Supermercado na zona sul do Rio de Janeiro.

Comércio da RMC acumula perda de R$ 5,48 bilhões em 15 meses

Impacto no faturamento foi provocado pelas restrições impostas pelo agravamento da pandemia de Covid-19

O comércio varejista da RMC (Região Metropolitana de Campinas) acumula perda de R$ 433,3 milhões no faturamento entre janeiro a abril de 2021, segundo balanço divulgado nesta segunda-feira (17) pela Acic (Associação Comercial e Industrial de Campinas). Em 15 meses – entre janeiro de 2020 e o mês passado -, o saldo negativo é de R$ 5,48 bilhões.
De acordo com a entidade, dados de abril de 2021 da Boa Vista – SCPC, referentes ao faturamento do comércio em Campinas, que foi de R$ 171,1 milhões, apresentam redução de 17,45% em relação a março (R$ 207,3 milhões), e de 9,5% na comparação com abril de 2020 (R$ 189,1 milhões).
“Vale lembrar que, em abril, em função do agravamento da pandemia de Covid-19, os setores de comércio e serviços sofreram redução no horário de funcionamento e na capacidade de público, por determinação do Governo do São Paulo, que instaurou as fases emergencial e de transição.

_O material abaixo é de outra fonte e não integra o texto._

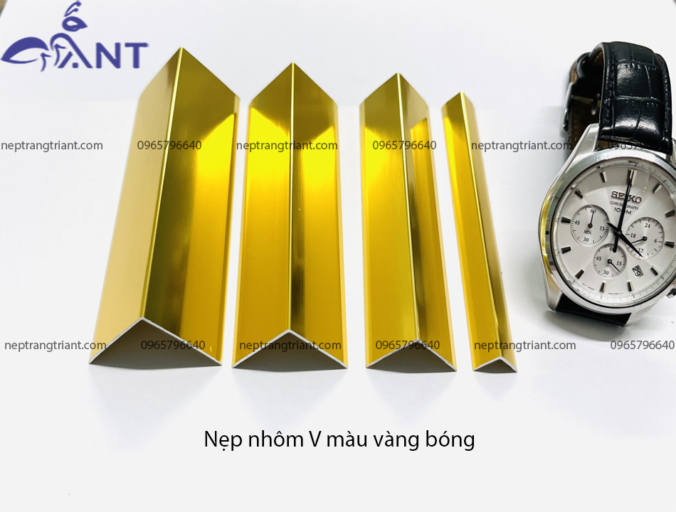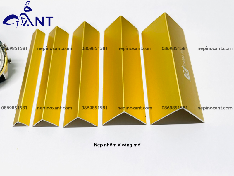 Nẹp Nhôm Chữ V hay ( Thanh Nẹp V Nhôm ) là sản phẩm nẹp hợp kim nhôm dạng hình chữ V hai cạnh đều nhau. Sản phẩm được sử dụng làm nẹp trang trí cạnh góc vuông 90 độ. Được làm từ hợp kim nhôm 6063 si mạ ANODE nên có độ bền cao, khả năng chống ăn mòn tốt, đa dạng màu sắc và kích thước. Nên sản phẩm được các nhà thầu thi công nội thất sử dụng để trang trí, tạo điểm nhấn cho công trình. Sản phẩm được công ty ANT cung cấp với những thông tin như sau: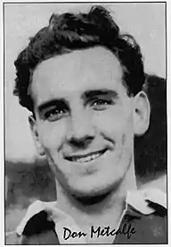 Donald "Don" Metcalfe (15 July 1932[1] – 7 November 2006) was an English rugby union, and professional rugby league footballer who played in the 1950s and 1960s, and coached rugby league in the 1960s. He played club level rugby union (RU) for Sandal RUFC,[2] and representative level rugby league (RL) for England (Under-21s), and Yorkshire (captain), and at club level for Featherstone Rovers (Heritage No. 331) (captain), and Wakefield Trinity (Heritage No. 637), as a fullback, or centre, i.e. number 1, or, 3 or 4,[3] and coached at club level for Keighley.

Essas restrições de funcionamento do comércio para as lojas físicas afetaram de forma agressiva as vendas do varejo”, explica o economista da Acic, Laerte Martins.
Em Campinas, as vendas físicas registraram faturamento de R$ 630 milhões em abril de 2021, representando 90,5% do resultado obtido em abril de 2020, de R$ 696,10 (perda de 9,5%). Na RMC, o faturamento foi de R$ 1,5 bilhão, ou 90,57% do montante de abril de 2020 (R$ 1,657 bilhão, com perda de 9,43%).
Nas vendas de bens não duráveis, supermercados (10,2%), postos de combustíveis (6,2%) e drogarias e farmácias (4,2%), foram os que apresentaram os melhores resultados no primeiro quadrimestre de 2021. Nas vendas de bens duráveis, o segmento de materiais de construção evoluiu em 1,2%; enquanto o de vestuários sofreu queda de 5,3% e o de móveis e lojas de departamentos tiveram redução de 1,30%. As vendas de serviços tiveram saldos bastante negativos em bares e restaurantes (-23,5%) e em turismo e transportes (-12%), também no quadrimestre. Considerando apenas abril de 2021, as principais vendas foram as de ovos de Páscoa (2%); vestuário e calçados (1,8%), bebidas (1,7%) e eletrodomésticos (1%).
O e-commerce teve aumento de R$ 63,4 milhões, faturados em abril de 2020, para R$ 81,8 milhões, registrado em abril de 2021, uma expansão de 29%, nesta comparação. A perspectiva para maio de 2021 é de um avanço da Fase de Transição para a Fase Laranja, com menos restrições para o comércio e com a ampliação da vacinação contra a Covid-19.

INADIMPLÊNCIA
A inadimplência, medida pelos carnês em atraso e pelas vendas a prazo e avaliada no comparativo entre abril de 2021 e abril de 2020, teve uma redução de 17,31% em Campinas, feita com base nos registros “incluídos e excluídos”. Foram computados 74.492 carnês e boletos não pagos, que correspondem a R$ 53,6 milhões de endividamentos. Na RMC, foram computados 177.362 carnês e boletos não pagos, correspondendo a R$ 127,7 milhões em endividamentos, também na comparação entre abril de 2021 e abril de 2020.